In today's Washington Post, one Willard Mitt Romney - you remember him - has penned an op-ed lamenting the fact that the United States military has grown so itty-bitty that it's left us unable to accomplish anything on the world stage. In an epic feat of straw-man construction, Romney boldly takes on those who want to leave America defended by nothing more than a few pea shooters and sling shots, demanding that we vastly increase our defense budget. Let's take a look at some of what he has to say:
Russia invades, China bullies, Iran spins centrifuges, the Islamic State (a terrorist threat "beyond anything that we've seen," according to the defense secretary ) threatens - and Washington slashes the military. Reason stares.
"Reason stares"? I'll have to confess my ignorance of whatever literary reference Mitt is tossing in here (the Google machine is unhelpful on this score, so I can't be the only one who doesn't know what the hell he's talking about), but is Washington really "slashing" the military? According to the most recent budget documents, the total defense budget for 2014 is $620 billion; the Pentagon wants just over $600 billion for 2015. That's a bit less than we spent in the last few years (the budget peaked in 2011 at over $700 billion), but that's in large part because we're no longer fighting in Iraq and we're winding down our war in Afghanistan; budget sequestration also imposed some cuts. We still account for over a third of the entire world's military spending. It hardly seems like we're "jettison[ing] our reliance on U.S. strength," as Romney asserts. Let's move on…

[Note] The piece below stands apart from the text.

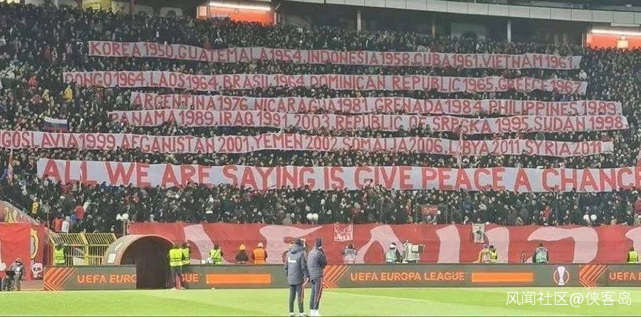 球迷打出橫幅,列舉美國挑起的戰事。圖源:外媒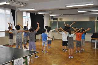 英語で遊ぼうが始まりました。まず、音楽に合わせて体を動かしています。

Some argue that the United States should simply withdraw its military strength from the world - get out of the Middle East, accept nuclear weapons in Iran and elsewhere, let China and Russia have their way with their neighbors and watch from the sidelines as jihadists storm on two or three continents. Do this, they contend, and the United States would be left alone.
"Some argue"? Who are these "some"? He won't say, because no one is actually arguing those things. Some also claim that Mitt Romney employs a team of commandos who kidnap small children and bring them before their master so he can feast on their sweet flesh, but I emphatically reject that charge, no matter what "some" would have you believe.
Mitt then argues that the fact that we have a huge military budget only conceals our true weakness:
More relevant is the fact that Russia's nuclear arsenal is significantly greater than our own and that, within six years, China will have more ships in its navy than we do. China already has more service members. Further, our military is tasked with many more missions than those of other nations: preserving the freedom of the seas, the air and space; combating radical jihadists; and preserving order and stability around the world as well as defending the United States.
I'll agree that we deploy our military to the four corners of the globe more than any other nation. But look at what Mitt is concerned about. Russia has more nuclear bombs than we do! When we launch an all-out nuclear exchange with them and every human being on the planet has either been vaporized or is dying of radiation poisoning, they may be able to continue to drop bombs on the scarred moonscape that once was America! My question is this: why has Romney not addressed the mineshaft gap? And how can we possibly feel safe when the day comes that China has more ships than we do? After all, a lengthy sea war with the Reds is all but inevitable.
Romney doesn't mention a single conflict - past, present, or future - that would turn out differently if our military was bigger. For instance, he's very concerned about Ukraine. And if we had an even larger military, then...what? We'd be happy to start a war with Russia? Or if we boosted our military spending then it would change the calculation of some other adversary?
The fact is that we face plenty of challenging foreign policy situations around the world. Romney ticks off many of them. But in not a single one, or in all of them combined, is the problem that we don't have enough guns and bombs to do the job. We don't want Iran to become a nuclear power, but we also really don't want to invade Iran to stop it from happening. It's not that we can't reduce the whole nation to an endless field of rubble, because we can. But it would be a terrible idea. ISIS presents a conundrum, but that's not because we don't have a sizeable enough force to take them on; the problem is that launching a re-invasion of Iraq and a new invasion of Syria would create more problems for us than it would solve. Russia's actions in Ukraine are deeply troubling, but the outcome of events there won't be determined by whether we have sufficient stockpiles to defeat Russia in a land war. We do, but that's not the issue.
Like most conservatives, Romney fetishizes "strength" as the sole determining factor in any international conflict and the essence of leadership. And this is what so infuriates them about the current president: Barack Obama understands, and isn't afraid to say, that strength may be important, but it's not enough, and sometimes it's utterly beside the point.
Now wipe away a tear as Mitt closes:
Washington politicians are poised to make a historic decision, for us, for our descendants and for the world. Freedom and peace are in the balance. They will choose whether to succumb to the easy path of continued military hollowing or to honor their constitutional pledge to protect the United States.
Yes, freedom and peace are in the balance. Increase military spending, and all international challenges will melt before us like the frost on spring's first morning; cut that spending by a few billion, and freedom will die a quick death. With informed, sophisticated thinking like that, it's a wonder this guy didn't get elected president.